En plein carnaval, Lucia di Lammermoor enflamme l’Opéra de Nice !
Le drame de Lucia di Lammermoor, rendue folle par amour, a inspiré un chef-d’œuvre à Donizetti que l’on peut voir en ce moment sur les grandes scènes françaises comme à l’Opéra de Nice où Kathryn Lewek a enflammé les mélomanes. Compte-rendu…
Certains mélomanes préfèreront toujours le drame aux réjouissances. En plein carnaval de Nice, l’on se divertit d’une autre façon à deux pas de la place Masséna en fête car sur la scène de l’Opéra avec Lucia di Lammermoor, chef-d’œuvre du bel canto, la folie prend un tout autre sens. En programmant cette œuvre particulièrement exigeante pour les artistes, Bertrand Rossi continue à insuffler un élan opportun à l’institution azuréenne qui, grâce à son travail, compte à nouveau dans le paysage lyrique français et international. Avec d’autres moyens que ceux des grandes boutiques parisiennes, il a réuni une affiche inédite. L’annonce du changement de distribution qui a accueilli les spectateurs de la première du vendredi 17 mars 2023 (Mario Cassi souffrant a été remplacé par Vladimir Stoyanov) n’a que peu entaché la représentation du dramma tragico de Donizetti.
Lucia di Lammermoor, seule contre tous !
Le baryton Vladimir Stoyanov possède suffisamment de métier pour incarner Enrico, le frère autoritaire qui contraint l’héroïne au mariage forcé. Même si la voix accuse son âge dans le premier air où quelques duretés accrochent l’oreille, il tient sa partie comme Philippe Kahn (Raimondo Bidebent). La basse est physiquement crédible dans le rôle du chapelain et confident de Lucia avec une voix qui impose un vécu certain. Lucia di Lammermoor est la parabole de l’enfermement d’une femme dans un univers masculin oppressant, jusqu’à la folie. Aux côtés des deux incarnations viriles du baryton (le plus terrible) et de la basse (plus paternelle), d’autres se font remarquer comme le jeune Gregoire Mour (Normanno) dans la mise en scène sombre de Stefano Vizioli. Créée à Pise, la coproduction affiche des décors noirs que n’aurait pas renié Pier Luigi Pizzi, les tombes accentuant l’impression de désolation et de claustration. Vizioli joue la sobriété en écartant le folklore écossais et même quelques traditions. La robe blanche de la mariée habituellement maculée du sang de l’époux étripaillé reste ici pure et sans tâche, offrant un contraste assumé avec le deuil présent partout. Enrico un peu trop proche de sa sœur crée un malaise diffus dans cette mise en scène pariant subtilement sur la psychologie. Sur scène, les chanteurs acteurs ont beau faire de leur mieux dans leur costume XIXème siècle, les spectateurs n’ont d’yeux que pour Lucia.

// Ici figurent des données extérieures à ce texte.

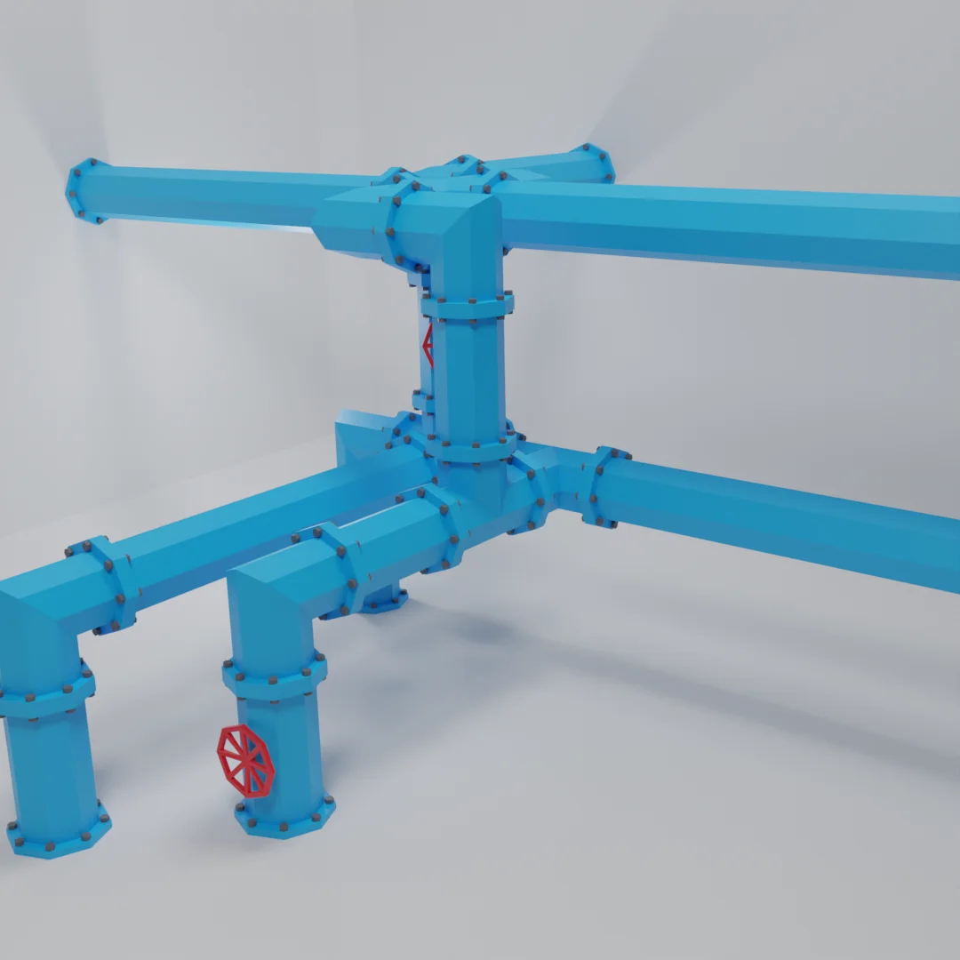 This asset pack contains a collection of low poly pipe models designed for modular environments. The components are built to snap together, facilitating rapid world-building and level design workflows.

Les deux nouvelles étoiles de l’Opéra de Nice
Kathryn Lewek est une révélation dans le rôle même si sa prestation vocale ne s’inscrit pas tout à fait dans la pure tradition belcantiste ressuscitée par Maria Callas. La soprano américaine possède un instrument maîtrisé qui lui permet des pianos de toute beauté mais l’expressivité parfois trop vériste affirme un style plutôt personnel. Avec un petit vibrato serré et un timbre séduisant, la voix fait flotter les aigus et suraigus impressionnants grâce à une très large tessiture toujours homogène. La comédienne habite facilement la très attendue scène de la folie qui, à défaut de délivrer une leçon de chant, donne le frisson comme il se doit. A ses côtés, Oreste Cosimo dans le rôle d’Edgardo, l’amoureux abusé, développe un chant plus abrupt qui offre un contraste intéressant avec les innombrables nuances développées par sa partenaire. Solide dans le duo « Sulla tomba che rinserra », la voix du jeune ténor (artiste à suivre de près) s’épanouit facilement avec un suraigu en voix de tête pour surmonter les quelques difficultés dans une partition où elle reste toujours charmeuse. La direction élégante d’Andriy Yurkevitch trouve l’Orchestre Philharmonique de Nice à son meilleur. Il est heureux d’entendre la formation servir l’œuvre de Donizetti avec un certain raffinement, rejoint par le chœur de l’Opéra de Nice. Les artistes sont au même excellent niveau comme Karine Ohanyan, mezzo niçoise que l’on retrouve avec plaisir dans le court rôle d’Alisa défendu avec conviction. C’est à l’issue d’une représentation de Lucia di Lammermoor que l’Opéra de Nice s’est embrasé en 1826. Ce soir, les spectateurs se sont enflammés pour cette nouvelle Lucia et son Edgardo, nouvelles étoiles lyriques flamboyantes que l’on espère retrouver sur cette même scène, très prochainement.